Действительно, пастернаковское описание комнаты отражает атмосферу полной сосредоточенности, но невозможно не заметить, что он связывает книжный хаос с подчеркнуто некантианской концепцией мышления, которое начинает жить своей растительной жизнью – независимой ни от целей приезжего студента, ни от его логических умственных построений, ни даже от упорядоченной обстановки дома, в котором молодой человек снимает комнату:



Я переживал изученье науки сильнее, чем это требуется предметом. Какое-то растительное мышленье сидело во мне. Его особенностью было то, что любое второстепенное понятье, безмерно развертываясь в моем толкованьи, начинало требовать для себя пищи и ухода, и когда я под его влияньем обращался к книгам, я тянулся к ним не из бескорыстного интереса к знанью, а за литературными ссылками в его пользу.
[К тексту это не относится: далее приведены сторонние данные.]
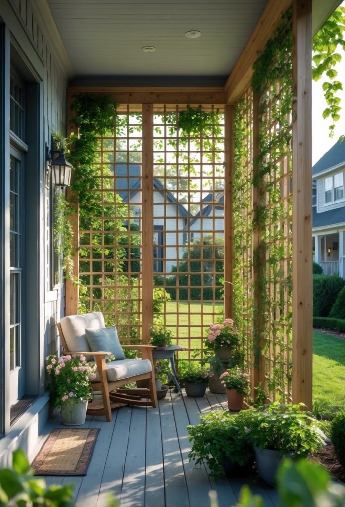 Tall trellis panels are a great way to block neighbors’ views while still letting light in. You can place them along your porch or near windows to create a natural screen. Adding climbing plants, like vines, makes the trellis look even better and adds extra privacy. These panels give you a simple way to enjoy your porch without feeling watched.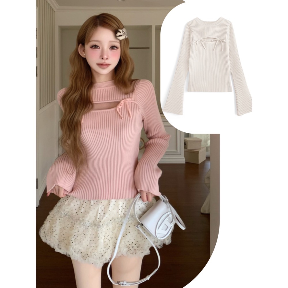 Anita Japan代購 🌸 日本 GRL 百搭羅紋 可愛蝴蝶結 喇叭袖針織上衣 針織 長袖 ru1562

Несмотря на то, что работа моя осуществлялась с помощью логики, воображенья, бумаги и чернил, больше всего я любил ее за то, что по мере писанья она обрастала все сгущавшимся убором книжных цитат и сопоставлений. А так как при ограниченности срока мне в известную минуту пришлось отказаться от выписок, взамен которых я просто стал оставлять авторов на нужных мне разгибах, то наступил момент, когда тема моей работы матерьялизовалась и стала обозрима простым глазом с порога комнаты. Она вытянулась поперек помещенья подобьем древовидного папоротника, налегая своими лиственными разворотами на стол, диван и подоконник (III: 182–183).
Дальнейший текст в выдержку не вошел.